Ourvoice.or.id. Awal pekan ini Menteri Dalam Negeri Maroko, Mustapha Ramid, sudah mengumumkan akan mengubah kitab undang-undang hukum pidana, KUHP, untuk mencabut pasal yang sesuai dengan tradisi itu.
Salah satu paragraf dalam Pasal 475 memungkinkan mereka yang tebukti bersalah dalam kasus ‘penyalahgunaan’ atau ‘penculikan’ anak perempuan bebas, jika mereka menikahi korban.

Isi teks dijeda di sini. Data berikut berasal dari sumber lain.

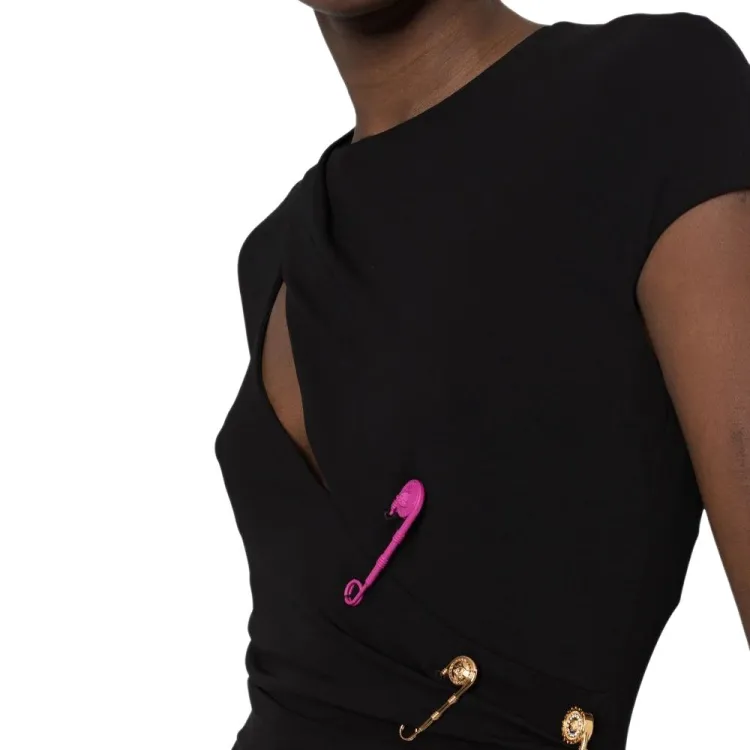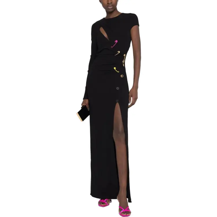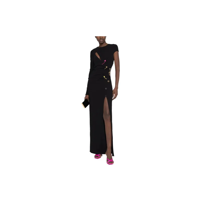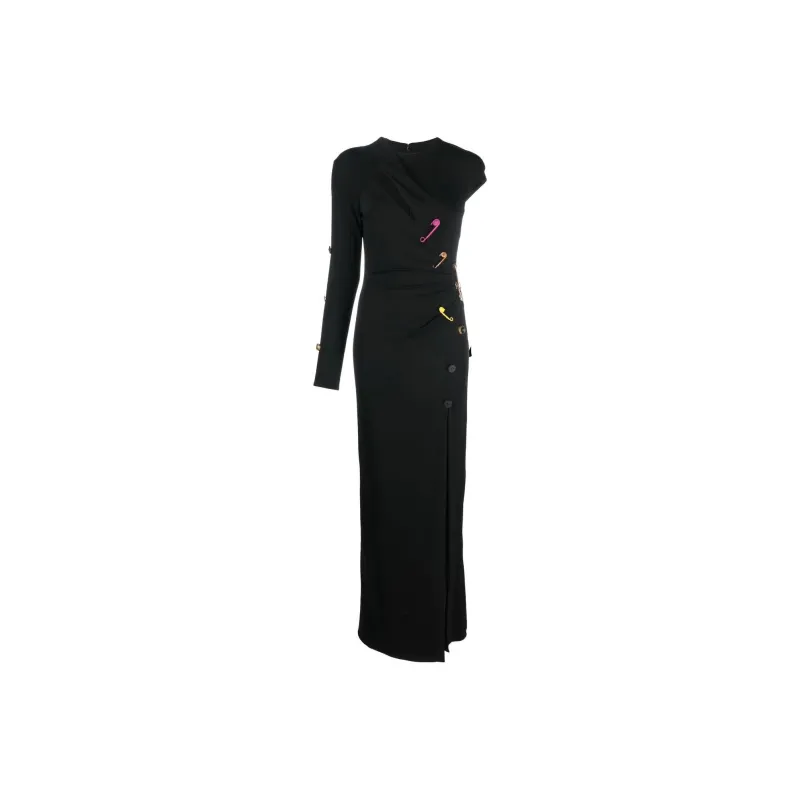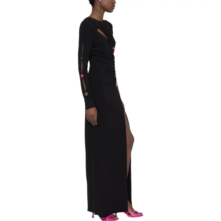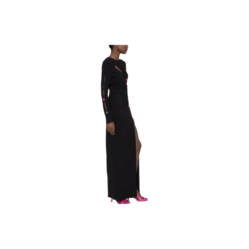 VERSACE SS23 Длинное платье с длинными рукавами женское черное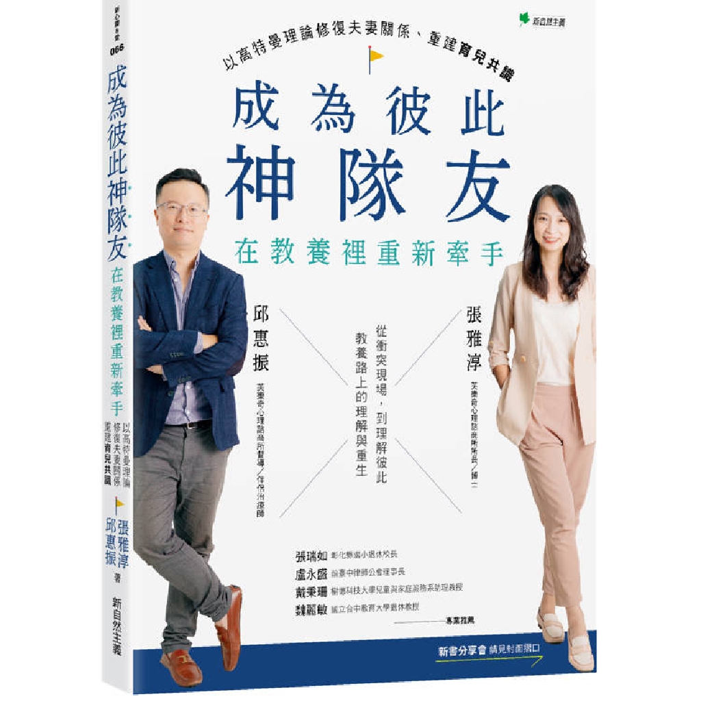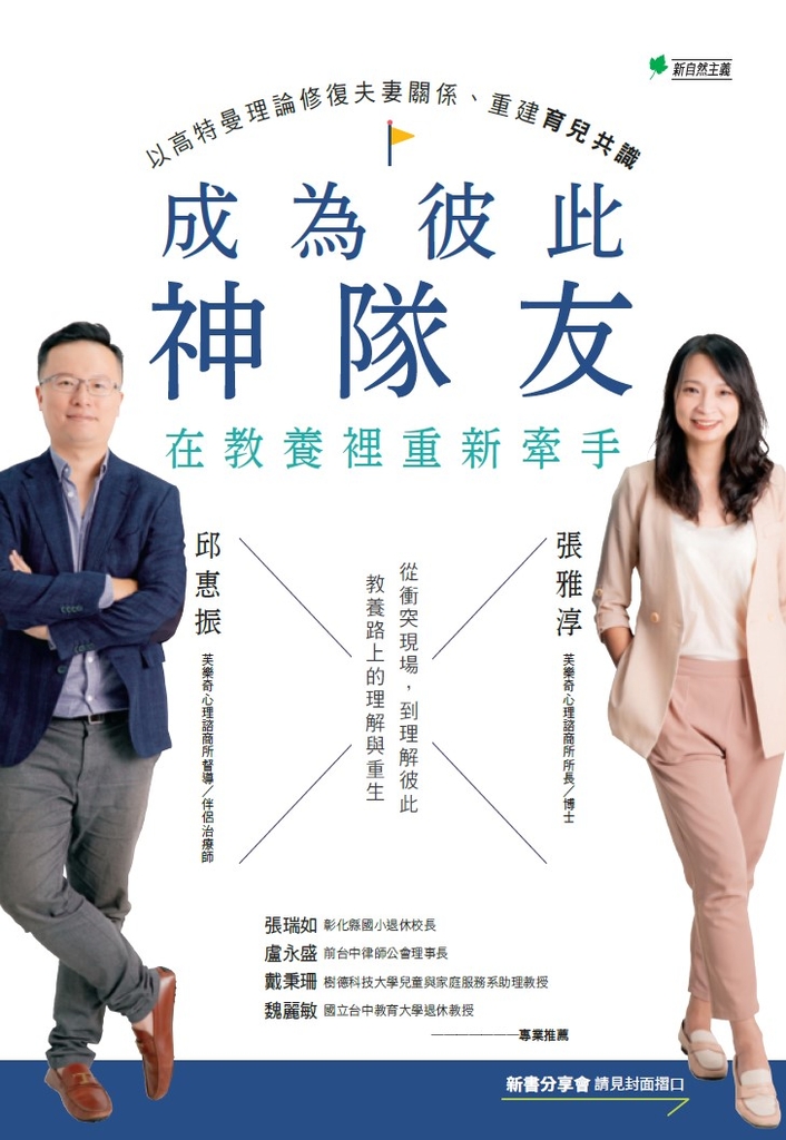 最後,本書作者張雅淳、邱惠振二位心理師將透過建立「家庭儀式」與「關係象徵」,讓教養不再成為夫妻爭執的戰場,而是生活的共同舞台。從「我也會在」到願意承認「我也可能會犯錯」,這些簡單的行動,都是愛的語言。

Praktek tersebut mendapat dukungan dari para hakim untuk menghindari rasa malu keluarga korban.
Bagaimanapun rencana itu dianggap masih belum cukup karena dianggap belum menghapuskan diskriminasi atas perempuan.
“Perubahan pasal merupakan hal yang baik namun tidak memenuhi semua tuntutan kami,” tutur Presiden Asosiasi Hak Asasi Maroko, Khadija Ryadi, kepada kantor berita AP.
“KUHP harus direformasi secara total karena berisi banyak aturan yang diskriminatif terhadap perempuan dan tidak melindungi perempuan dari kekerasan.”
Kasus Amina Filali
Rencana perubahan ini diumumkan setahun lebih setelah seorang anak perempuan berusia 16 tahun, Amina Filali, bunuh diri karena dipaksa pengadilan menikah dengan pria pemerkosanya.
Saat itu pria pemerkosanya memanfaatkan pasal 475 tersebut untuk bisa bebas dari hukuman.
Namun Filali memutuskan bunuh diri dengan memakan racun tikus pada pertengahan Maret 2012.
Kasusnya memicu Klikunjuk rasa kelompok perempuan yang menentang undang-undang tersebut.
Tradisi mengawini korban pemerkosaan banyak ditemukan di kawasan Timur Tengah maupun di India dan Afghanistan karena kehilangan keperawanan di luar pernikahan merupakan aib besar bagi keluarga maupun suku.